Aryl hydrocarbon receptor (AhR) are transcription factors that regulate gene expression. Specifically, AHR proteins contain several domains that are critical for their function. They are members of the basic helix loop helix/per Arnt sim (bHLH/PAS) family. Besides, AHR combines several exogenous ligands, such as natural plant flavonoids, polyphenols and indoles, as well as synthetic polycyclic aromatic hydrocarbons and dioxins. Moreover, AHR is a normally inactive cytoplasmic transcription factor that binds to several chaperone proteins. Recently, it has been found that AhR is activated (or inactivated) by many endogenous indole derivatives, such as guanosine. In addition to regulating metabolic enzymes, AhR can also regulate immunity, maintain stem cells and differentiated cells. Furthermore, It is well known that AHR has a variety of antitumor and homeostatic regulatory effects in vivo. And AHR acts in a ligand agonist or antagonist specific manner. VAF347 is a highly affinity AhR agonist.
VAF347 is a highly affinity aryl hydrocarbon receptor (AhR) agonist.

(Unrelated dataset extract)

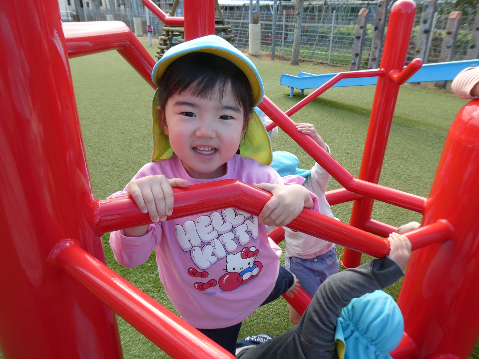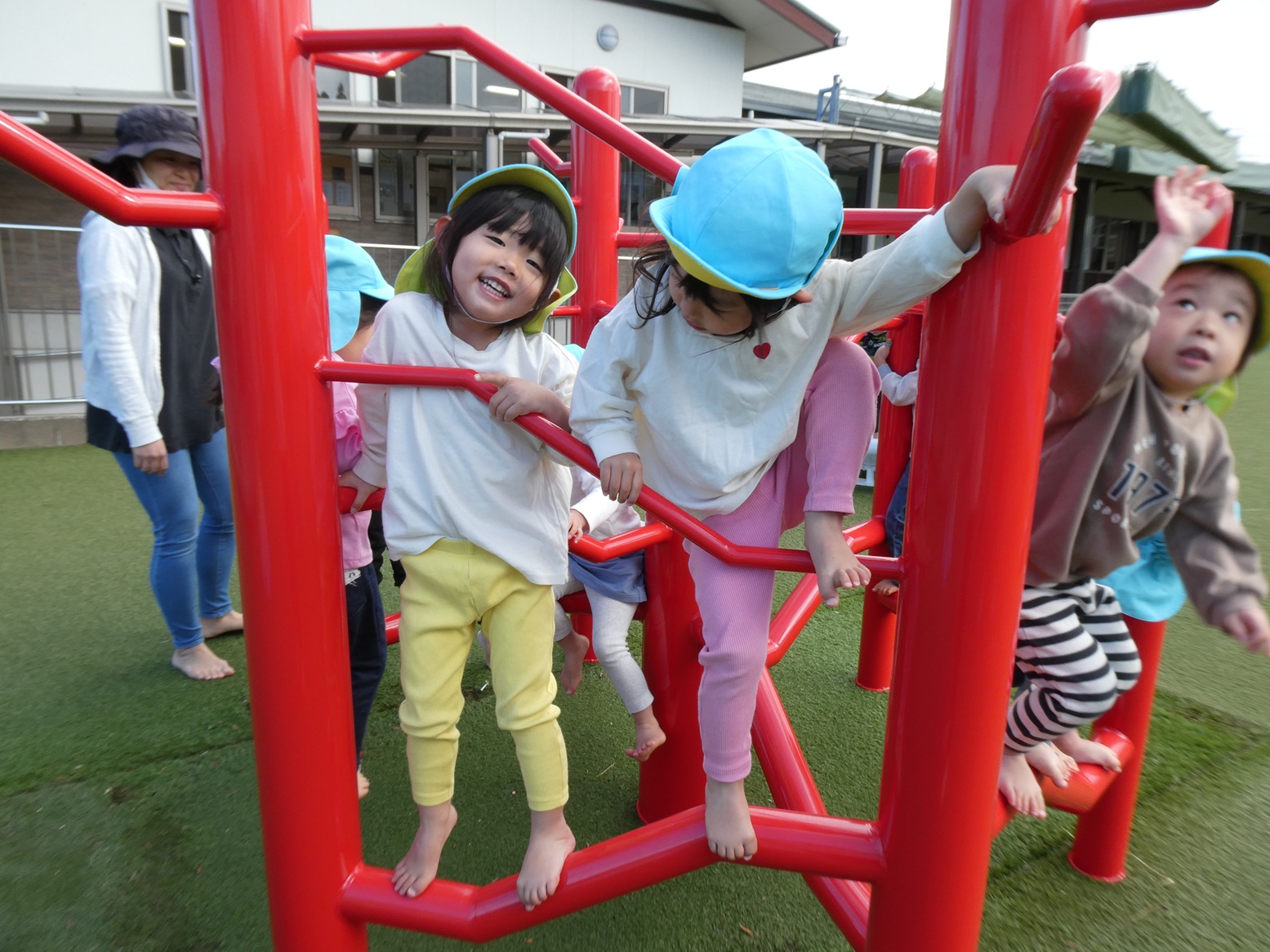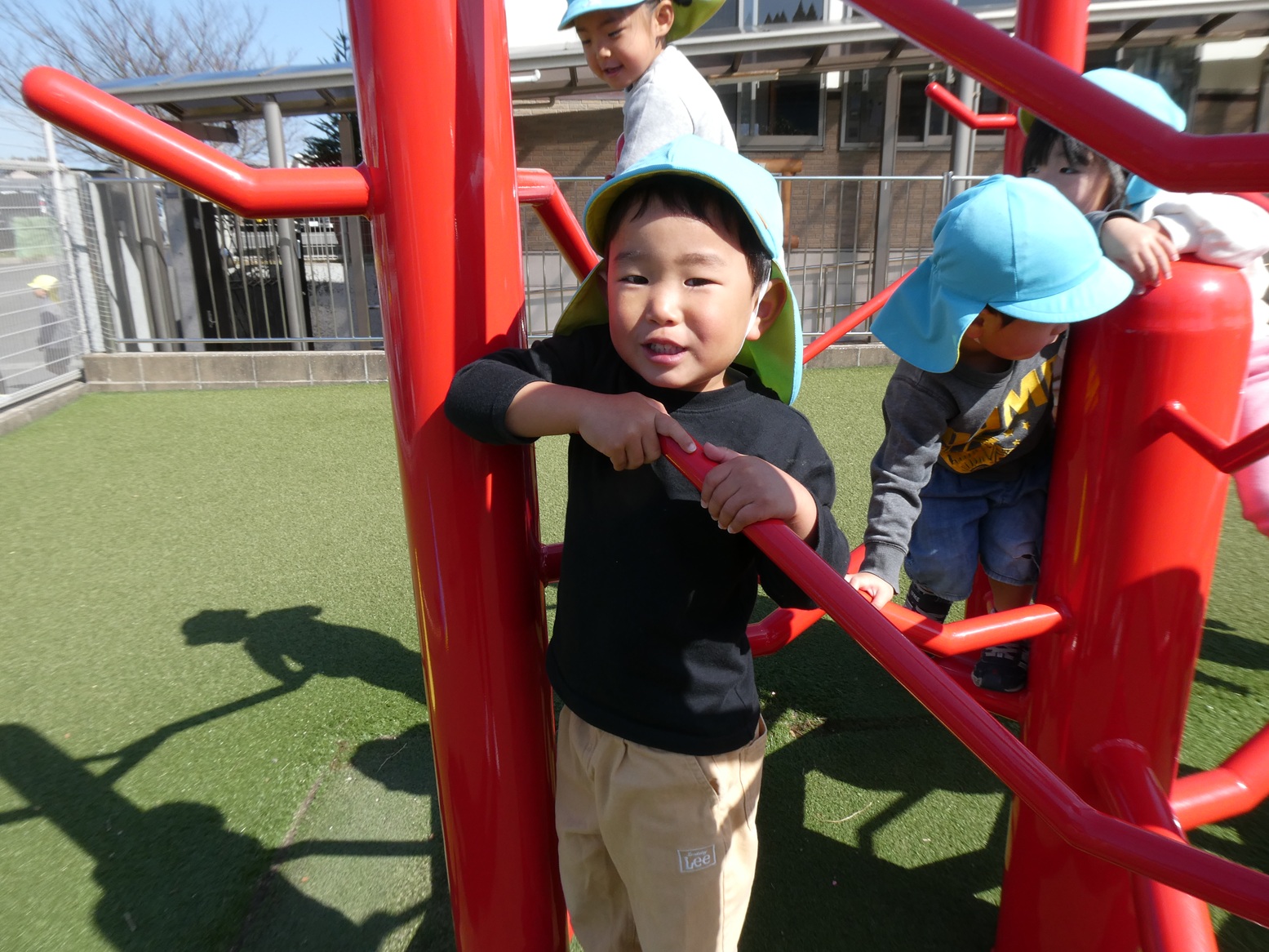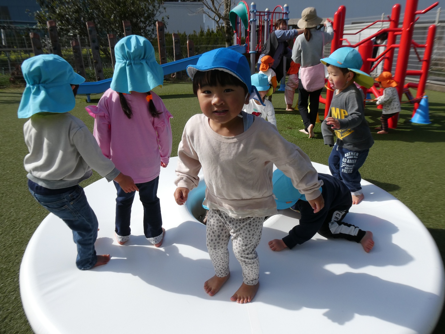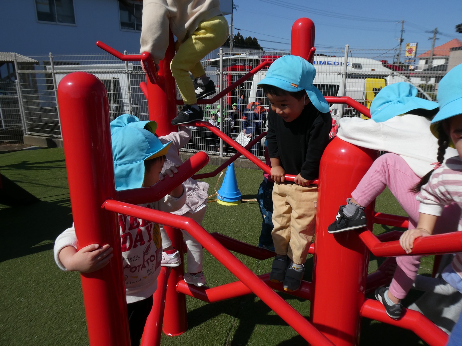 新しい遊具のジャングルジムとトランポリンがだいすきなぱんだぐみさん! ジャングルジムでは、上まで登って「せんせいすごいでしょ~」、「みてみて!」と得意気な子や「おりれないよ~」と助けを求める子など・・・かわいい姿がいっぱい!! お友だち同士で刺激を受け、お互いに真似をしたり、教え合ったりする様子を見ながら成長を感じています☆ トランポリンでは、いーっぱいジャンプしてる子どもたちです♡ 晴れた日は、毎日お外で元気にいっぱい遊んでいます!!

How does VAF347 work on the target? Let’s study it together. In the beginning, VAF347 is a cell-permeable and highly affinity AhR agonist and induces AhR signaling. Meanwhile, VAF347 inhibits the development of CD14+CD11b+ monocytes from granulo-monocytic (GM stage) precursors. Nonetheless, VAF347 has anti-inflammatory effects.

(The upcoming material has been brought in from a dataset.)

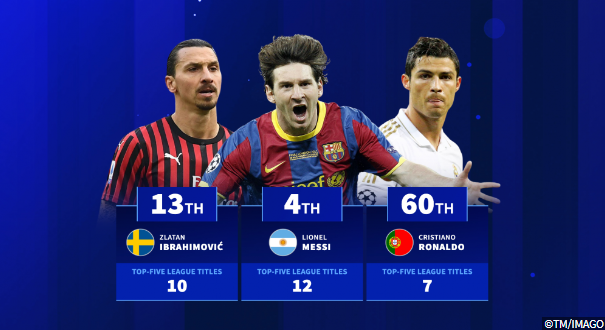 五大联赛夺冠次数最多11人阵容:梅西领衔,穆勒、吉格斯在列

In the second place, VAF347 treatment enhances retinoic acid-induced HL-60 cells cycle arrest with 0.01-20 μM of 48-72 hours. Importantly, VAF347 treatment augments retinoic acid-induced expression of AhR, Lyn, Vav1, and c-Cbl as well as p47phox. Particularly, VAF347 enhanced Several interactions of partners in the signalosome. It includes Fgr interaction with c-Cbl, CD38, and with pS259c-Raf and AhR interaction with c-Cbl and Lyn.
All in all, VAF347 is a cell-permeable and highly affinity AhR agonist.